**WHAT IS NEEDED**
Print all the entries verbatim.

/---

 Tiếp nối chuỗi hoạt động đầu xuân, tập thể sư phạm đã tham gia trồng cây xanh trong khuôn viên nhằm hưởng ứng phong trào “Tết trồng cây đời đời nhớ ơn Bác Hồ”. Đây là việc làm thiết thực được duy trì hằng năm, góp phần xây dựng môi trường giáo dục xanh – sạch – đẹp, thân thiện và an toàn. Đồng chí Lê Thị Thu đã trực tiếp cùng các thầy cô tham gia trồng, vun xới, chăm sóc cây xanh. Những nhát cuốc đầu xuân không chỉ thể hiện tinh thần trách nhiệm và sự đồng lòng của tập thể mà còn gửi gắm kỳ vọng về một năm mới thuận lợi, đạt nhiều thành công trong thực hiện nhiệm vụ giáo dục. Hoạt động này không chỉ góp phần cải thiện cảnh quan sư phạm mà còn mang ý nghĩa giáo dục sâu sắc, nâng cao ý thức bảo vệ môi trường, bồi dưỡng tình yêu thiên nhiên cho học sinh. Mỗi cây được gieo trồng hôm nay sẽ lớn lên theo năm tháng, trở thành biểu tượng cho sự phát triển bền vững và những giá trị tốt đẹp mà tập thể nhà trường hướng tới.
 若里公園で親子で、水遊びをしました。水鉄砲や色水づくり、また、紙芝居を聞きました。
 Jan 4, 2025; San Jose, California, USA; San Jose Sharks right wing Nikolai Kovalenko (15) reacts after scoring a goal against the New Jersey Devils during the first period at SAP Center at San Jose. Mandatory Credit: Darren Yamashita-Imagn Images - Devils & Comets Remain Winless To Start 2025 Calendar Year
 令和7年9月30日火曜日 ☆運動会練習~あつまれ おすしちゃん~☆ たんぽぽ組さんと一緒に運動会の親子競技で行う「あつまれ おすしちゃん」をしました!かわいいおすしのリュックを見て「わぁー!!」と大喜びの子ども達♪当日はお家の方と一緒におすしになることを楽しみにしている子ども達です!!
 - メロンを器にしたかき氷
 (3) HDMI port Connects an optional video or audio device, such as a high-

\---

**SOLUTION FOR THIS TASK**
 Tiếp nối chuỗi hoạt động đầu xuân, tập thể sư phạm đã tham gia trồng cây xanh trong khuôn viên nhằm hưởng ứng phong trào “Tết trồng cây đời đời nhớ ơn Bác Hồ”. Đây là việc làm thiết thực được duy trì hằng năm, góp phần xây dựng môi trường giáo dục xanh – sạch – đẹp, thân thiện và an toàn. Đồng chí Lê Thị Thu đã trực tiếp cùng các thầy cô tham gia trồng, vun xới, chăm sóc cây xanh. Những nhát cuốc đầu xuân không chỉ thể hiện tinh thần trách nhiệm và sự đồng lòng của tập thể mà còn gửi gắm kỳ vọng về một năm mới thuận lợi, đạt nhiều thành công trong thực hiện nhiệm vụ giáo dục. Hoạt động này không chỉ góp phần cải thiện cảnh quan sư phạm mà còn mang ý nghĩa giáo dục sâu sắc, nâng cao ý thức bảo vệ môi trường, bồi dưỡng tình yêu thiên nhiên cho học sinh. Mỗi cây được gieo trồng hôm nay sẽ lớn lên theo năm tháng, trở thành biểu tượng cho sự phát triển bền vững và những giá trị tốt đẹp mà tập thể nhà trường hướng tới.
 若里公園で親子で、水遊びをしました。水鉄砲や色水づくり、また、紙芝居を聞きました。
 Jan 4, 2025; San Jose, California, USA; San Jose Sharks right wing Nikolai Kovalenko (15) reacts after scoring a goal against the New Jersey Devils during the first period at SAP Center at San Jose. Mandatory Credit: Darren Yamashita-Imagn Images - Devils & Comets Remain Winless To Start 2025 Calendar Year
 令和7年9月30日火曜日 ☆運動会練習~あつまれ おすしちゃん~☆ たんぽぽ組さんと一緒に運動会の親子競技で行う「あつまれ おすしちゃん」をしました!かわいいおすしのリュックを見て「わぁー!!」と大喜びの子ども達♪当日はお家の方と一緒におすしになることを楽しみにしている子ども達です!!
 - メロンを器にしたかき氷
 (3) HDMI port Connects an optional video or audio device, such as a high-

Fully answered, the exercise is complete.